Start of Block
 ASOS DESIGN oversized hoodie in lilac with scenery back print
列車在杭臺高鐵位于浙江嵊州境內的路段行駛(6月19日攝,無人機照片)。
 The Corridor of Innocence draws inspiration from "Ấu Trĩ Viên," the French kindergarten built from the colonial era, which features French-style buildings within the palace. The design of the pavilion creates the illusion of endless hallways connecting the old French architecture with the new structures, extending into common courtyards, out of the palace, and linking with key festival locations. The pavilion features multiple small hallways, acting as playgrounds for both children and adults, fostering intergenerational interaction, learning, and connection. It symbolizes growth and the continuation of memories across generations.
End of Block
Start of Block
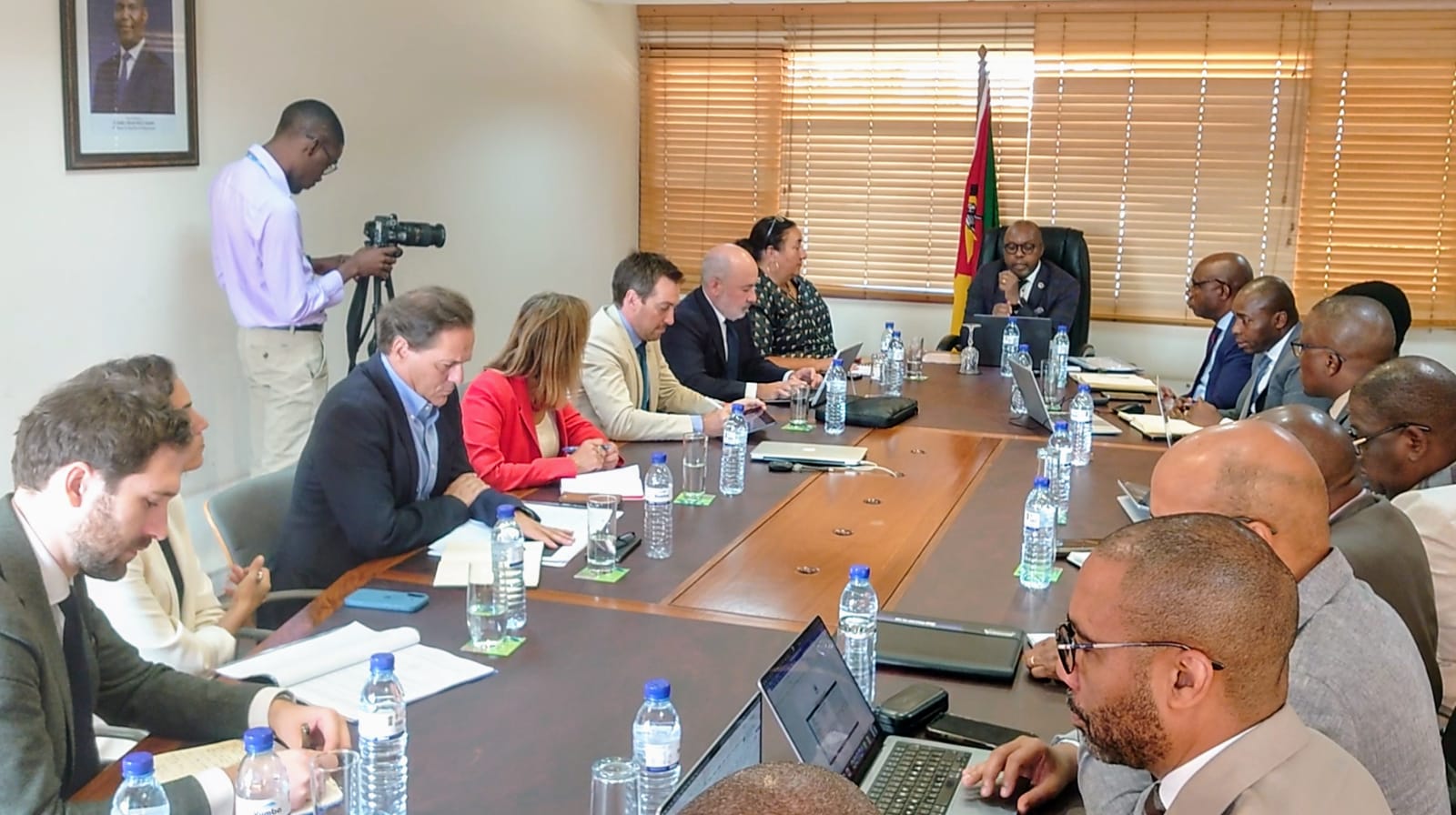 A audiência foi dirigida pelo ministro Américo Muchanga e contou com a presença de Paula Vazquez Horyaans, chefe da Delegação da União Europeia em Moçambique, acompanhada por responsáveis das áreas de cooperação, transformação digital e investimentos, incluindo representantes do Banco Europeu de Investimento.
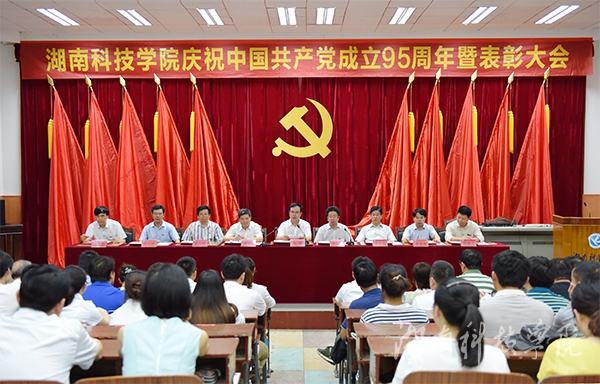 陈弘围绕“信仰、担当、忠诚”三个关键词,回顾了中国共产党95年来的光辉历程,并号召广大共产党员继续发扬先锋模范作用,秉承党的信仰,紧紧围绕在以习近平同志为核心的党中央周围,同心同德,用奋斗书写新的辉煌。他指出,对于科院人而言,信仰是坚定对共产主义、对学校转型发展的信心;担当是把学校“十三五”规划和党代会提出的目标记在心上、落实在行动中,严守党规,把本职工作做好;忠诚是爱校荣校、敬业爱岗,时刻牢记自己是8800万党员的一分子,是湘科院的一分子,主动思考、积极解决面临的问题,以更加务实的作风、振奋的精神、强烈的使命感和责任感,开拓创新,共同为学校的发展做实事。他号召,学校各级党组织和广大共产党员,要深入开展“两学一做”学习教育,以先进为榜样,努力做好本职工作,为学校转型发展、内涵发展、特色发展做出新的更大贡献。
End of Block
» **Aim of the exercise**
The required answer is the exact run of lines above starting at the line with "ASOS DESIGN oversized" and ending at the line with "The Corridor of", with both ends present.

» **Reply to the task**
 ASOS DESIGN oversized hoodie in lilac with scenery back print
列車在杭臺高鐵位于浙江嵊州境內的路段行駛(6月19日攝,無人機照片)。
 The Corridor of Innocence draws inspiration from "Ấu Trĩ Viên," the French kindergarten built from the colonial era, which features French-style buildings within the palace. The design of the pavilion creates the illusion of endless hallways connecting the old French architecture with the new structures, extending into common courtyards, out of the palace, and linking with key festival locations. The pavilion features multiple small hallways, acting as playgrounds for both children and adults, fostering intergenerational interaction, learning, and connection. It symbolizes growth and the continuation of memories across generations.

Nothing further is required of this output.